Chemical properties of polyhydric alcohols, according toanalogies with their physical properties, depend on the type of hydrocarbon radical that forms the molecule, and, of course, the amount of hydroxyl groups in it. For example, ethylene glycol CH3OH-CH3OH (boiling point 197 ° C), which is a 2-atom alcohol, is a colorless liquid (has a sweetish taste) that mixes with H2O, as well as lower alcohols in any ratio. Ethylene glycol, like its higher homologues, enter into all the reactions characteristic of monohydric alcohols.
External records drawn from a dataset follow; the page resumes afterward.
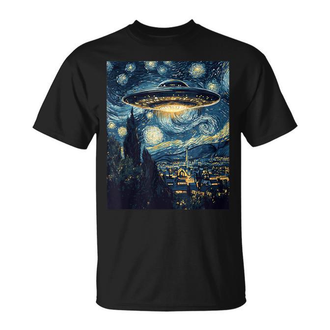 Ufo Aliens Flying Saucer Van Gogh Style Starry Night T-Shirt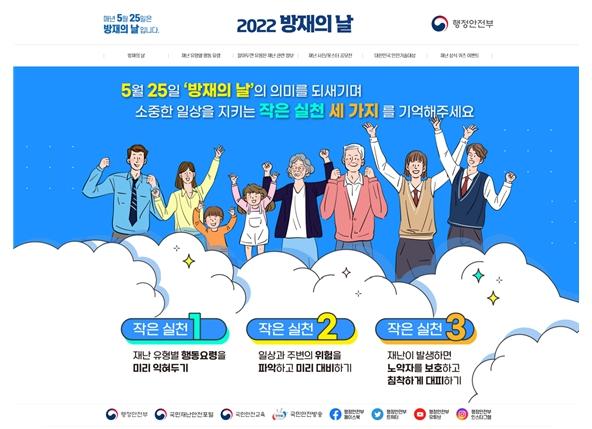 [한국쇼핑몰뉴스, 최영진기자] 행정안전부는 5월 25일(수)'2022 방재의 날'을 맞이하여 5월 20일(금)부터 29일(일)까지를 방재주간으로 설정하고, 온라인 누리집을 통해 국민에게 유익한 재난 정보를 안내한다고 밝혔다.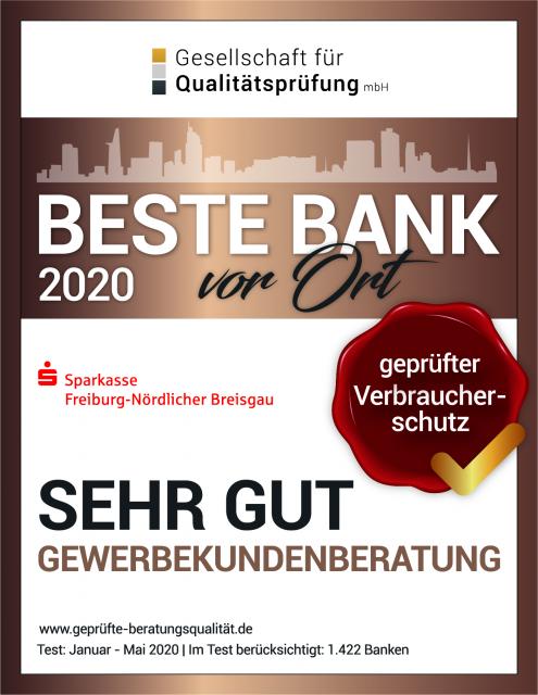 Qualitäts-Triple mit Bestnote SEHR GUT für Sparkasse Freiburg-Nördlicher Breisgau: Beste Bank vor Ort nach Qualitäts-Test.  17197  24.08.2020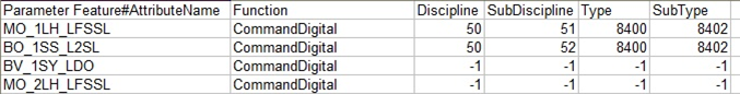 The first column of the first row contains the SiB-X section and the attribute used as key for the table. Its values are separated by the # character which is reserved and cannot be used in the section or attribute name. Each subsequent row contains the table data, where the Discipline, Subdiscipline, Type, and Subtype fields are indicated with their corresponding numeric value and -1 indicates object model value.

Glycerin CH2OH-CHOH-CH2OH (boiling point 290 ° C) is the simplest representative of 3 atomic alcohols. It is a thick, sweet-to-taste liquid that is heavier than water, but mixes with it in any proportions. It dissolves in alcohol. For glycerol and its homologues, all reactions of monohydric alcohols are also characteristic.

The chemical properties of alcohols determinedirections of their application. They are used as fuel (bioethanol or biobutanol and others), as solvents in various industries; as a raw material for the production of surfactants and detergents; for synthesis of polymeric materials. Some representatives of this class of organic compounds are widely used as lubricants or hydraulic fluids, as well as for the manufacture of drugs and biologically active substances.